■ **Problem to work on**
From the first line to the last, retype the records exactly and skip the pictures.

Extracted data entries

──────

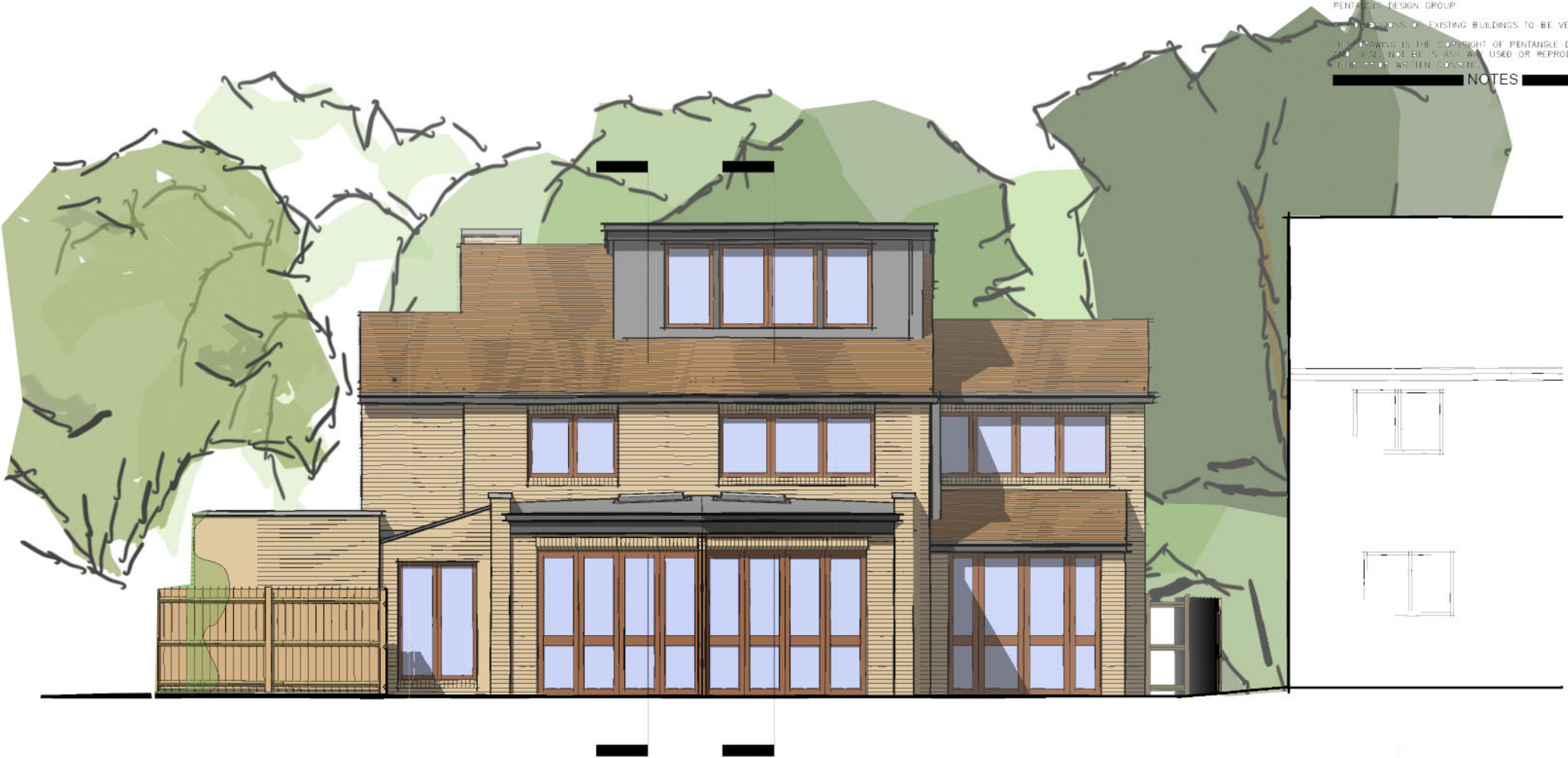
Proposed Rear Elevation 1 : 100
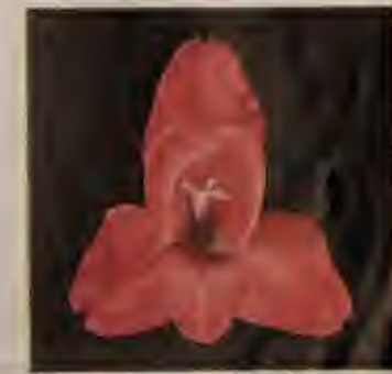
$1.25 for 10 Mrs. S. A. Errey $10.00 per 100
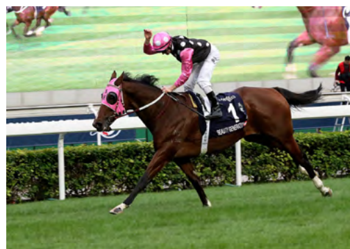
Beauty Generation (NZ) (Road To Rock)

Three men and their cameras faced the cold breeze that nipped along Sha Tin's backstretch at 7.31am on Thursday morning, all to capture on file Beauty Generation's
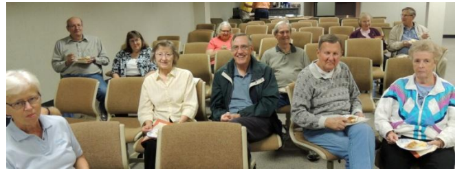
Pie and Ice Cream snapshots – send me a note if you'd like to get a *.jpg copy of any photo.
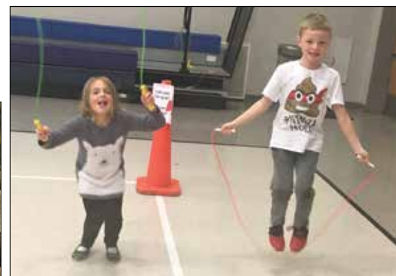
Each year all NWP students participate in jumping stations during physical education class. First grade students raised money for the American Heart Association in the annual Jump Rope for Heart/Kids Heart Challenge.
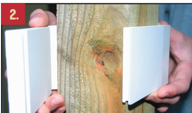
2. Place Wrap n’ Snap around wood column
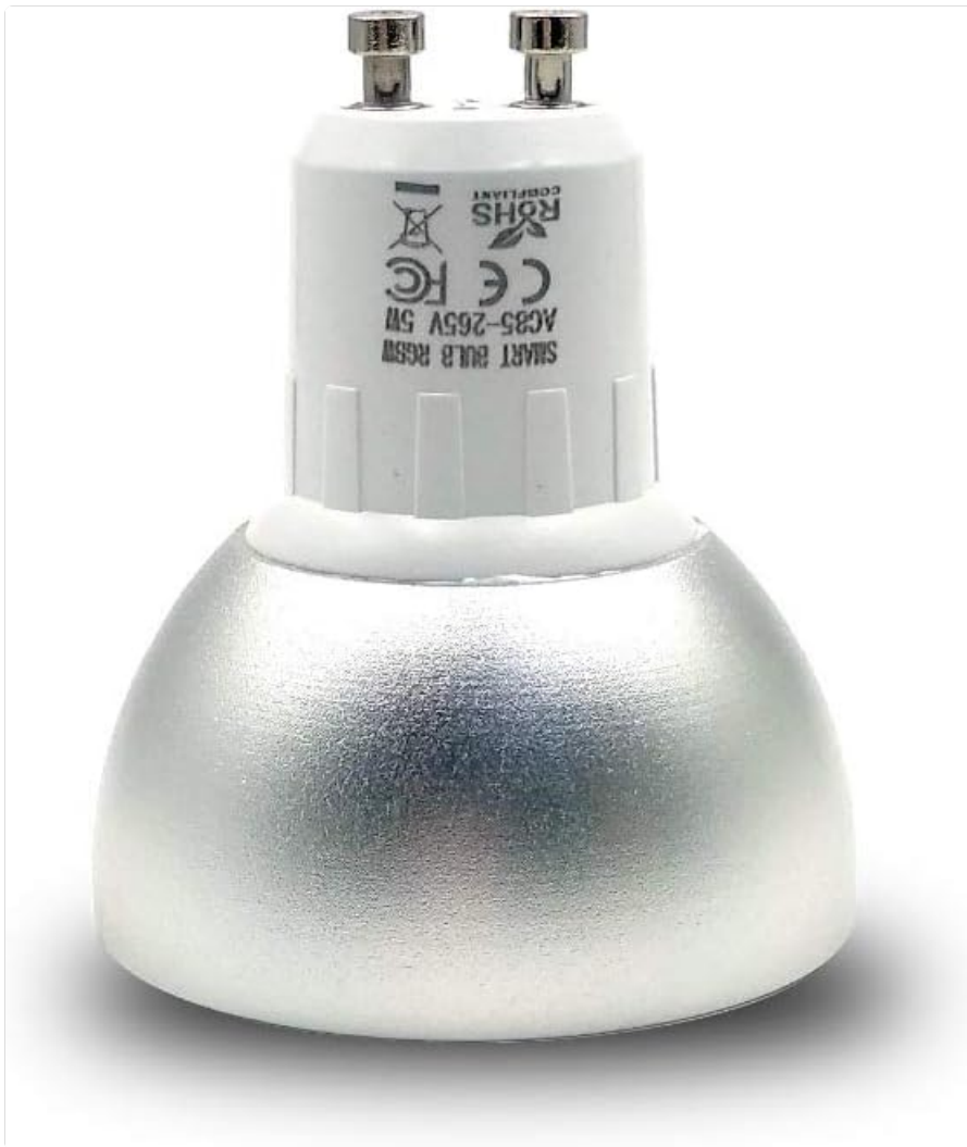
Image: A detailed close-up shot of a single BENEXMART GU10 smart LED bulb, highlighting its silver body and white base with electrical contacts.
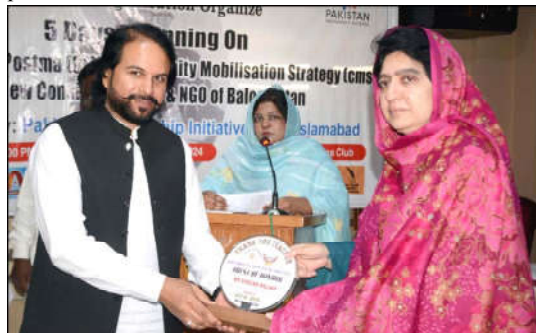
QUETTA: Provincial Education Minister Raheela Hameed Khan Durrani distributing shields among participants during concluding ceremony of Community Mobilization Strategy training organized by Dara ul Amal Welfare Organization

transparent manner. He said that the necessary directives have been issued to the revenue officers according to the settlement manual. During the process, no injustice would be made with any stakeholder during the settlement, the Minister Revenue assured. He said that the credit of digitalization of the revenue record goes to the incumbent government. He said that it is our firm resolve to remove the public complaints regarding board of revenue. In this regard, open courts would be conducted to resolve the issues and thus ensure good governance, he added. Meanwhile, the Minister inspected the record room of settlements and got briefing from the concerned officials. He directed to the concerned to ensure preservation of the land record.
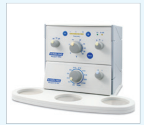
Akuport D-tec + Akuport MR2
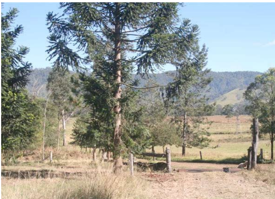
Managing for sustainability is transforming the landscape for both business and wildlife at Peter and Elke Watson's dairying property near Conondale.

The two kilometre stretch of Mary River frontage was fenced off in 1991. We have enhanced the pioneer colonisation by sheoaks by planting native trees in a five to ten metre strip along the top of the bank. This vegetation has made the bank stable, even in very large floods. In the record flood in 1999, only a minimal amount of riverbank was lost – just a strip 1.5 metres wide along a 10 metre

──────

■ **Written answer**
Proposed Rear Elevation 1 : 100
$1.25 for 10 Mrs. S. A. Errey $10.00 per 100
Beauty Generation (NZ) (Road To Rock)

Three men and their cameras faced the cold breeze that nipped along Sha Tin's backstretch at 7.31am on Thursday morning, all to capture on file Beauty Generation's
Pie and Ice Cream snapshots – send me a note if you'd like to get a *.jpg copy of any photo.
Each year all NWP students participate in jumping stations during physical education class. First grade students raised money for the American Heart Association in the annual Jump Rope for Heart/Kids Heart Challenge.
2. Place Wrap n’ Snap around wood column
Image: A detailed close-up shot of a single BENEXMART GU10 smart LED bulb, highlighting its silver body and white base with electrical contacts.
QUETTA: Provincial Education Minister Raheela Hameed Khan Durrani distributing shields among participants during concluding ceremony of Community Mobilization Strategy training organized by Dara ul Amal Welfare Organization

transparent manner. He said that the necessary directives have been issued to the revenue officers according to the settlement manual. During the process, no injustice would be made with any stakeholder during the settlement, the Minister Revenue assured. He said that the credit of digitalization of the revenue record goes to the incumbent government. He said that it is our firm resolve to remove the public complaints regarding board of revenue. In this regard, open courts would be conducted to resolve the issues and thus ensure good governance, he added. Meanwhile, the Minister inspected the record room of settlements and got briefing from the concerned officials. He directed to the concerned to ensure preservation of the land record.
Akuport D-tec + Akuport MR2
Managing for sustainability is transforming the landscape for both business and wildlife at Peter and Elke Watson's dairying property near Conondale.

The two kilometre stretch of Mary River frontage was fenced off in 1991. We have enhanced the pioneer colonisation by sheoaks by planting native trees in a five to ten metre strip along the top of the bank. This vegetation has made the bank stable, even in very large floods. In the record flood in 1999, only a minimal amount of riverbank was lost – just a strip 1.5 metres wide along a 10 metre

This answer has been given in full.